**PROBLEM DESCRIPTION**
In the entries below, find the line with "Всероссийский центр изучения" and the line with "A户型:建面约114㎡,三房", then retype both and everything between them exactly. Do not copy the pictures.

**RECORD EXCERPTS**
● ● ● ● ●

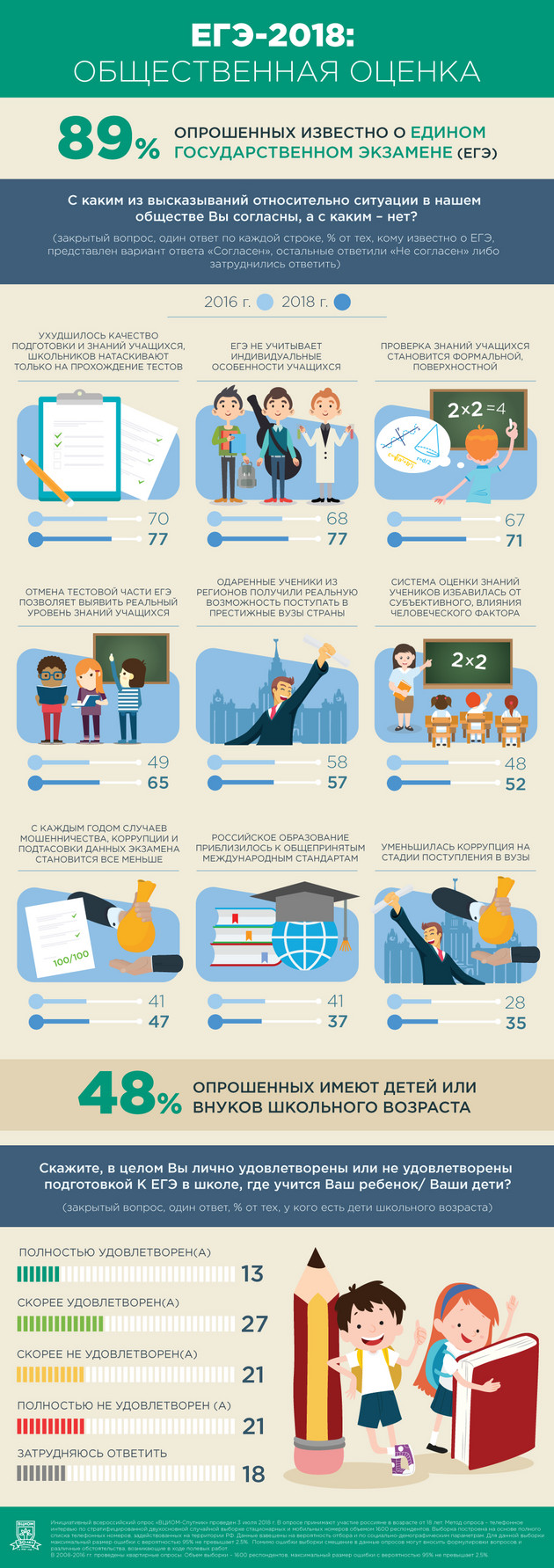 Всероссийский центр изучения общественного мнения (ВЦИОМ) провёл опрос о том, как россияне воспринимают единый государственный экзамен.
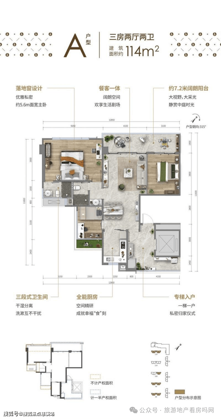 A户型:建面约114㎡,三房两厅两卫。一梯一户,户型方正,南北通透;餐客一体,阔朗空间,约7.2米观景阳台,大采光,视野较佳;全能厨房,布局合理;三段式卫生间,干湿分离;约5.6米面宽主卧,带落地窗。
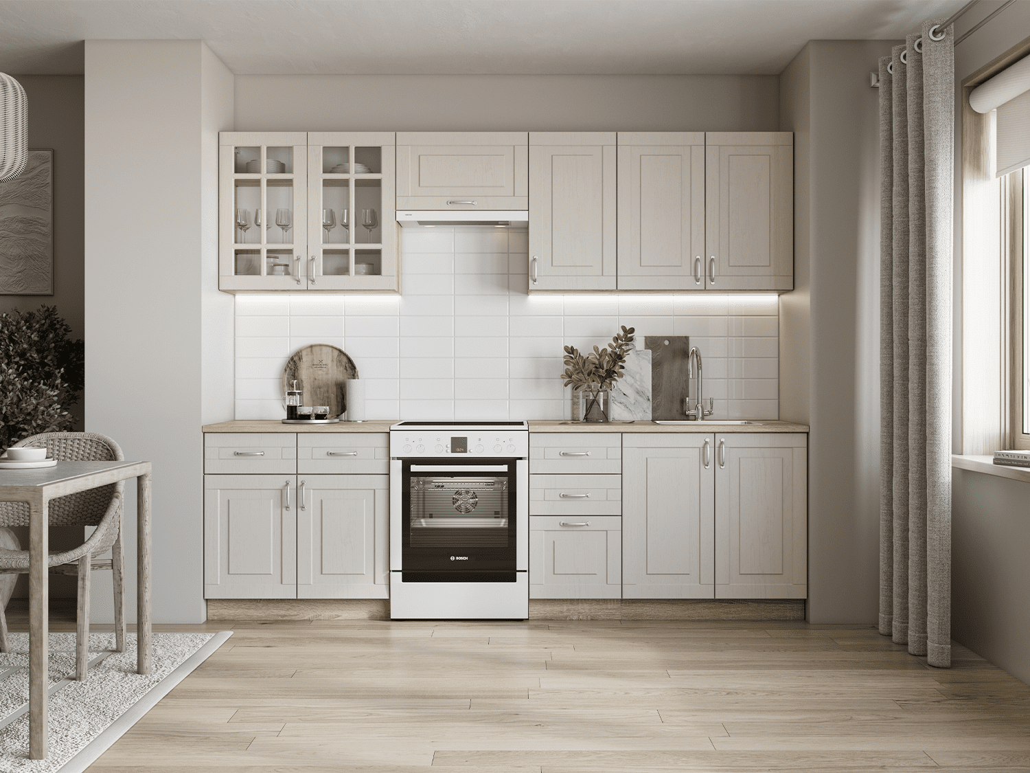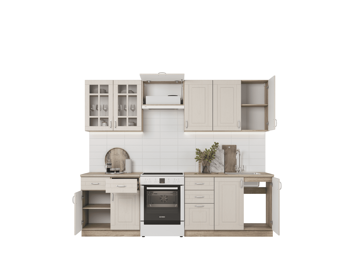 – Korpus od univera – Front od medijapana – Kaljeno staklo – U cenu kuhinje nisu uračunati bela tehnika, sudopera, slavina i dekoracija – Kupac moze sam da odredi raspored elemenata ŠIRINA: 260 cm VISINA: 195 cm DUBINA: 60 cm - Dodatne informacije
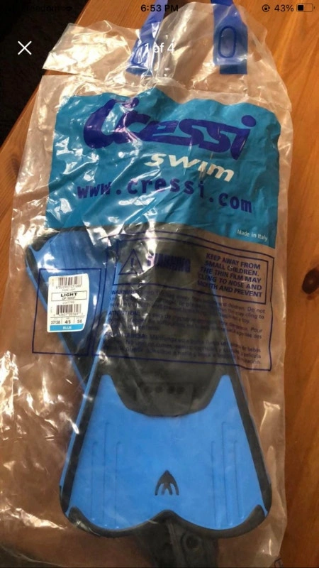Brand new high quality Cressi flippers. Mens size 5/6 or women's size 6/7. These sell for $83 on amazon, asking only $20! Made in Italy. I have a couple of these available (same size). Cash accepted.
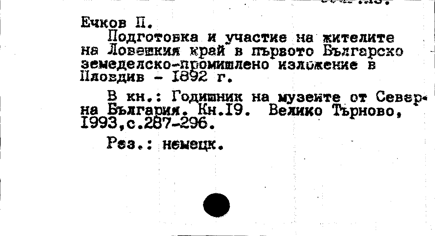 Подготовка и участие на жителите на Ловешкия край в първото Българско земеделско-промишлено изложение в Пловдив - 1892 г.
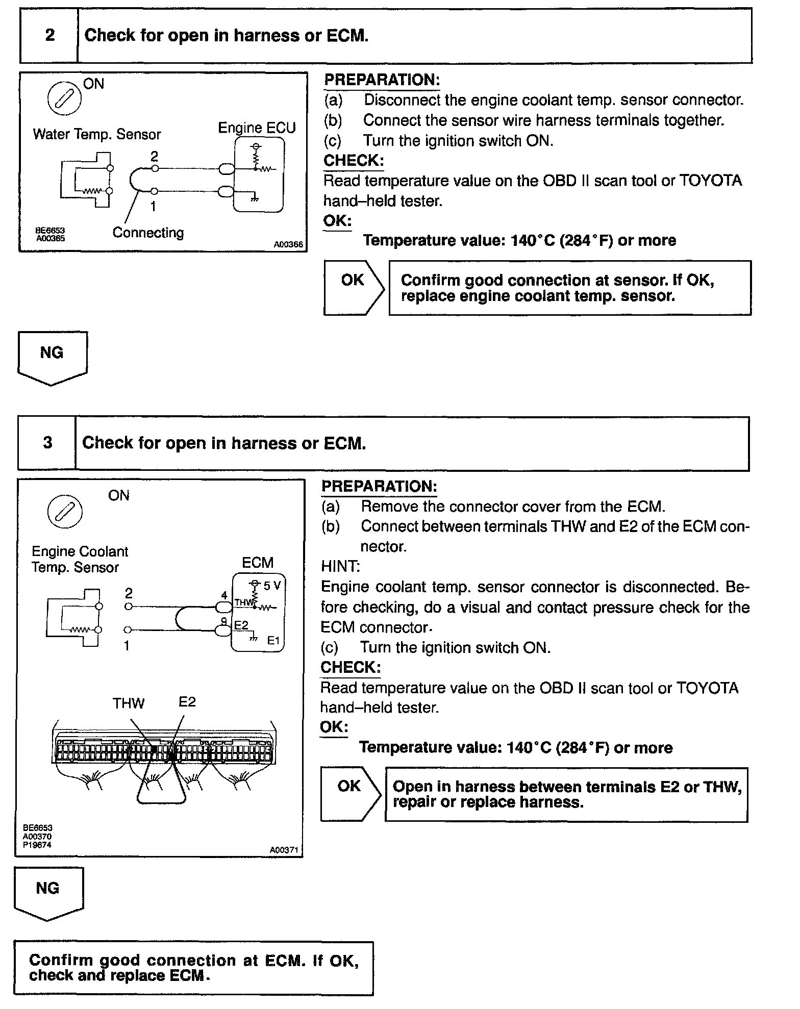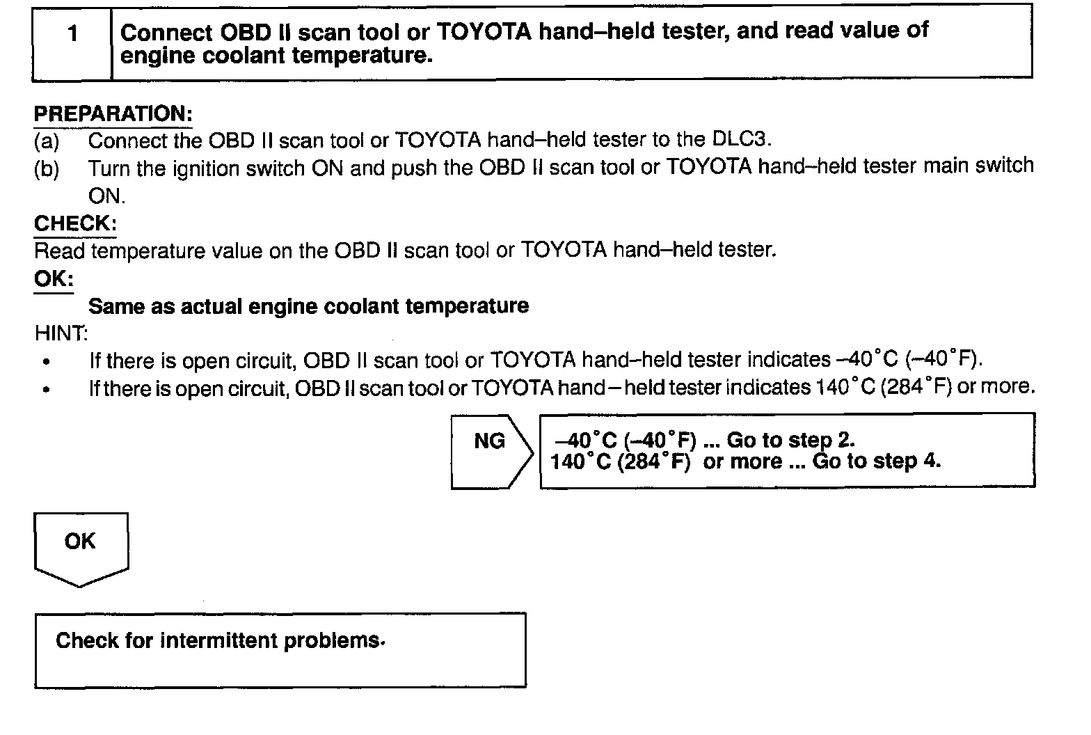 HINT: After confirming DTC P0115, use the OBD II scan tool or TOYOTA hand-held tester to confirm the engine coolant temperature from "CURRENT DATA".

● ● ● ● ●

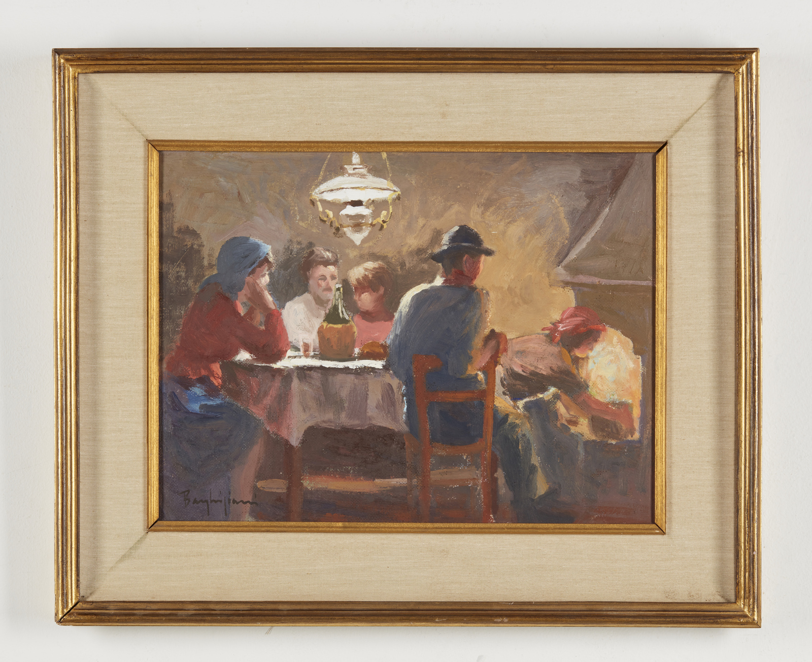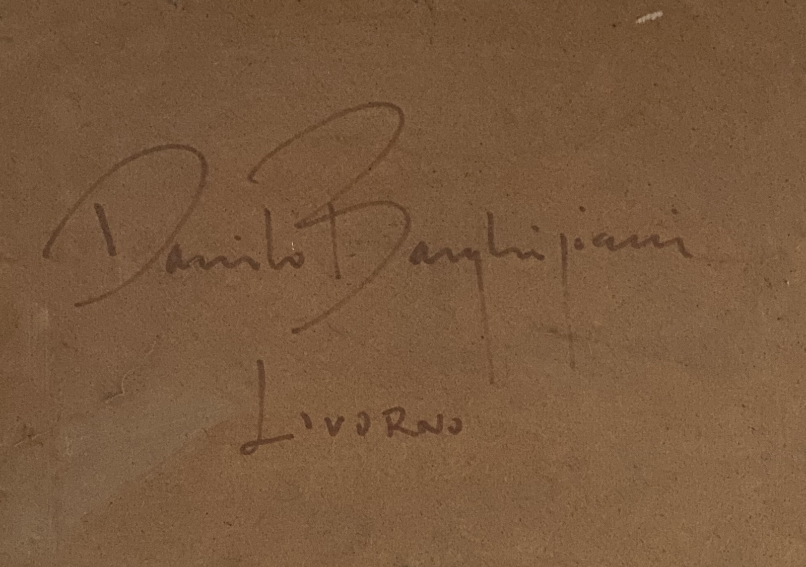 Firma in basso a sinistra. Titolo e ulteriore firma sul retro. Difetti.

● ● ● ● ●

**RESPONSE AREA**
 Всероссийский центр изучения общественного мнения (ВЦИОМ) провёл опрос о том, как россияне воспринимают единый государственный экзамен.
 A户型:建面约114㎡,三房两厅两卫。一梯一户,户型方正,南北通透;餐客一体,阔朗空间,约7.2米观景阳台,大采光,视野较佳;全能厨房,布局合理;三段式卫生间,干湿分离;约5.6米面宽主卧,带落地窗。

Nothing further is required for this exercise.